Соленый лед
Шрифт:
И тут ты можешь увидеть большую морскую птицу. И если тебе повезет, она споет тебе песню без слов.
«Я лечу над морем совсем одна, – расскажет птица. – Ветер подпирает мои крылья. Фиолетовые скалы Шпицбергена остались далеко-далеко позади. Я знаю – скоро будет сильный ветер. Очень темным станет море, белая пена зашипит на волнах, серые полосы пены станут качаться на воде. А я буду лететь все дальше и дальше. Я не буду тратить сил. Выпростаю крылья против ветра. И ветер будет держать меня высоко. Очень высоко. Страшное море, огромный океан, пустыня воды и неба будут вокруг меня. А я все буду петь, смотря вниз, выискивая рыбу. Я буду петь, ожидая, когда замечу темный и быстрый извив рыбы. Потом я упаду вниз, бесшумная, и стремительная, и беспощадная.
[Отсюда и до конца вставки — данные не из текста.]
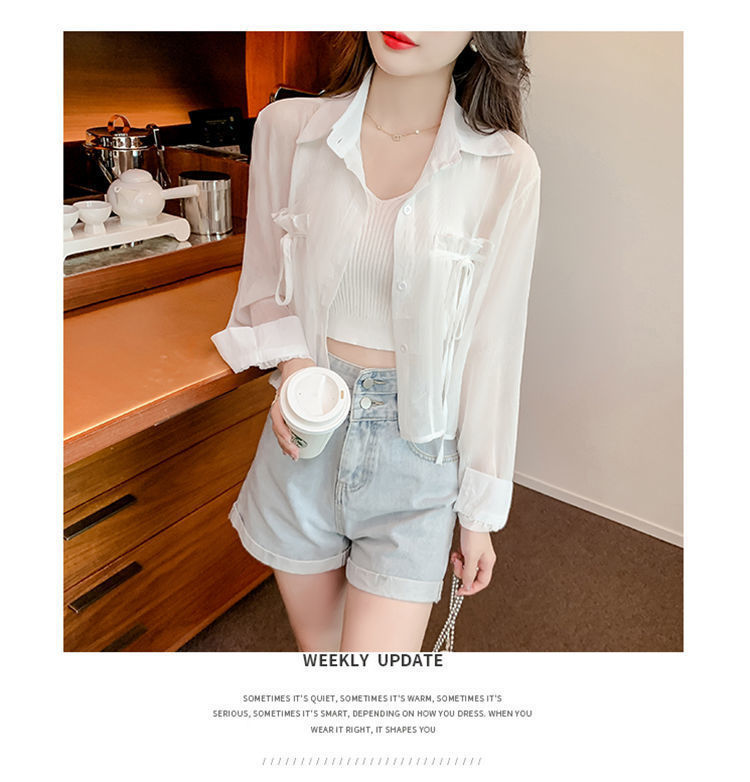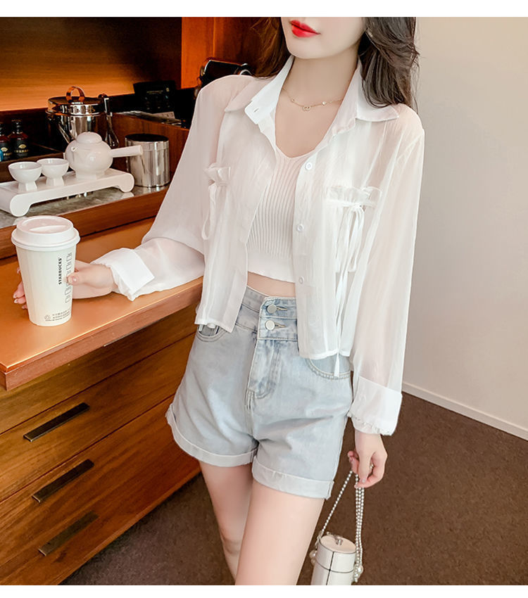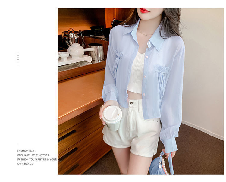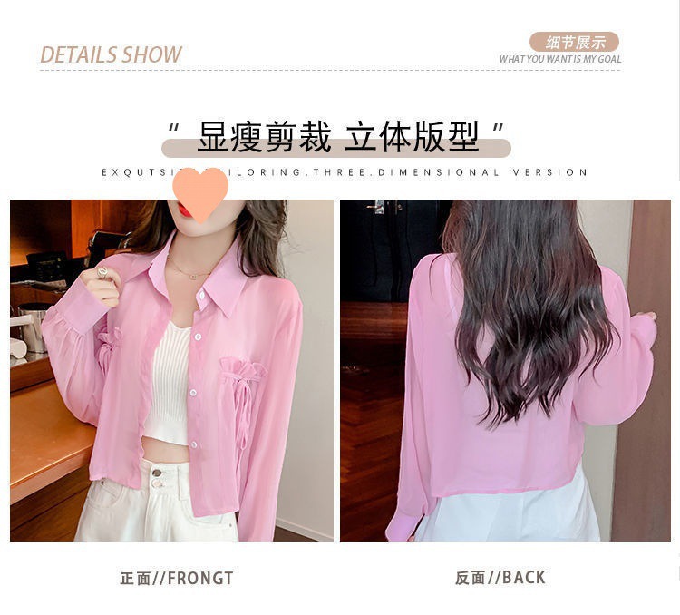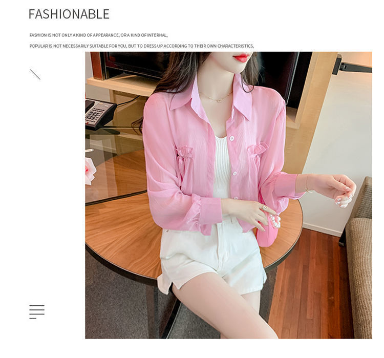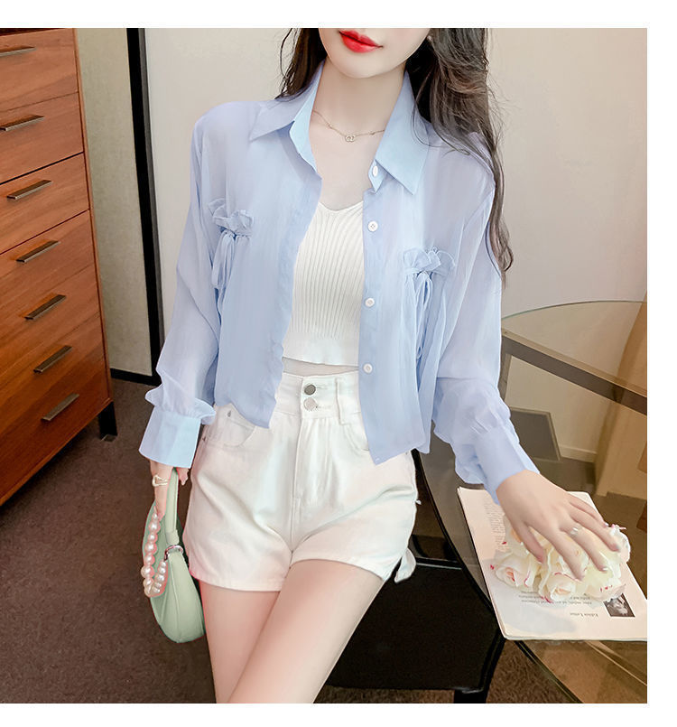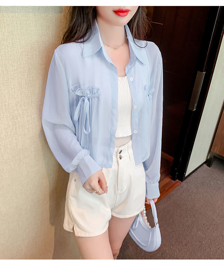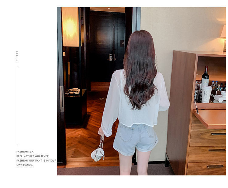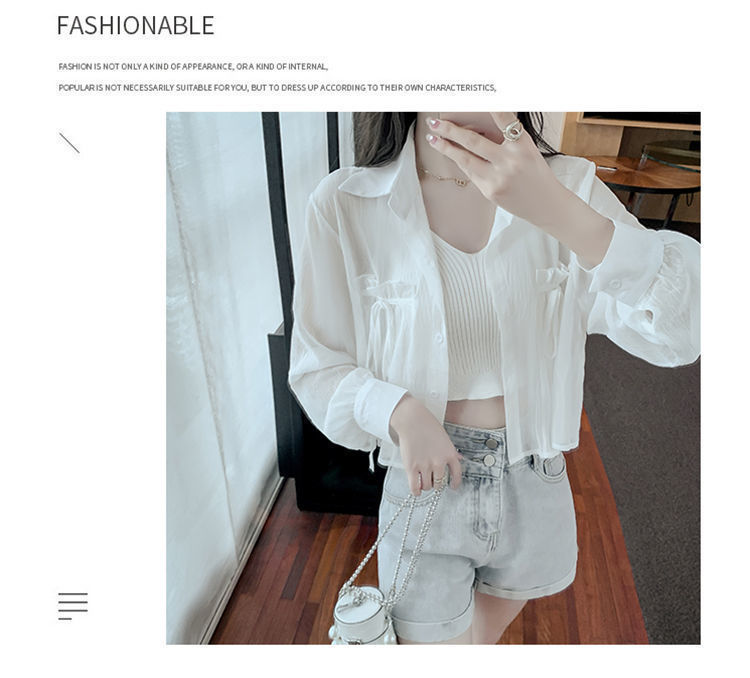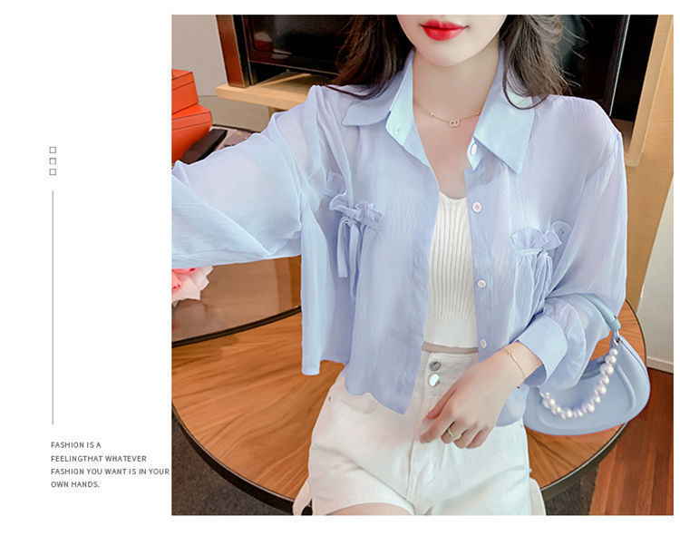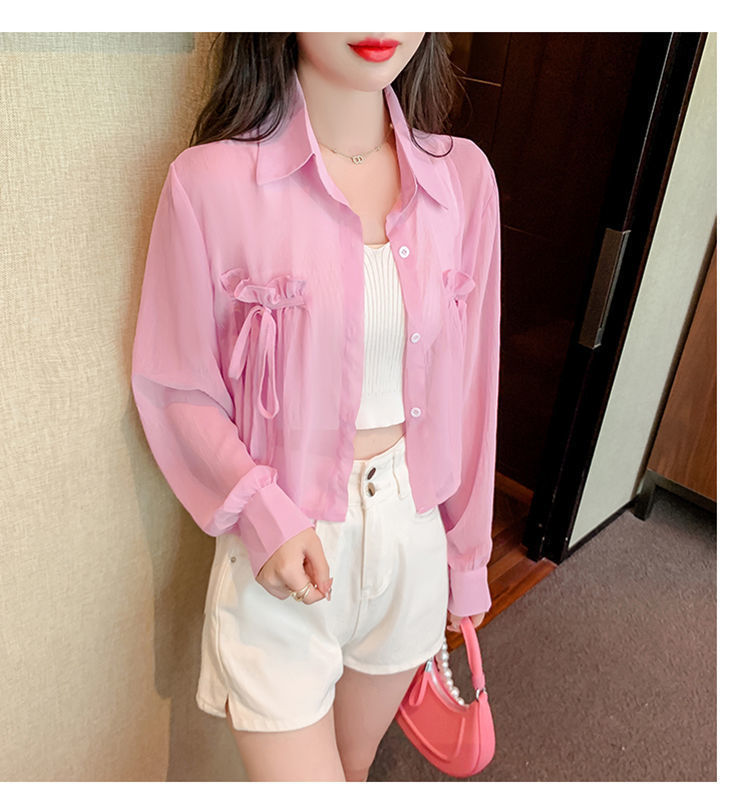 태양 보호 의류 여성의 여름 외부 카디건 디자인 활 셔츠 여성의 짧은 탑 얇은 쉬폰 셔츠 코트

Всегда вы будете бежать все дальше и дальше, синие и голубые, зеленые и серые. Всегда, всегда будет это…»
И ты помашешь вслед птице рукой, вернешься в рубку, зажжешь лампочку над штурманским столиком, желтый круг света плавно заколышется на бело-голубой карте, и вдруг на пустынном тундровом берегу, за сотни миль от ближайших селений, увидишь маленький черный квадратик и прочитаешь: «Изба Никольского».
«Кто он? – подумаешь ты. – Жив ли этот упорец и жизнестоец? Или давно умер?» И как-то даже защемит сердце от мысли о нем, об его одиночестве и мужестве.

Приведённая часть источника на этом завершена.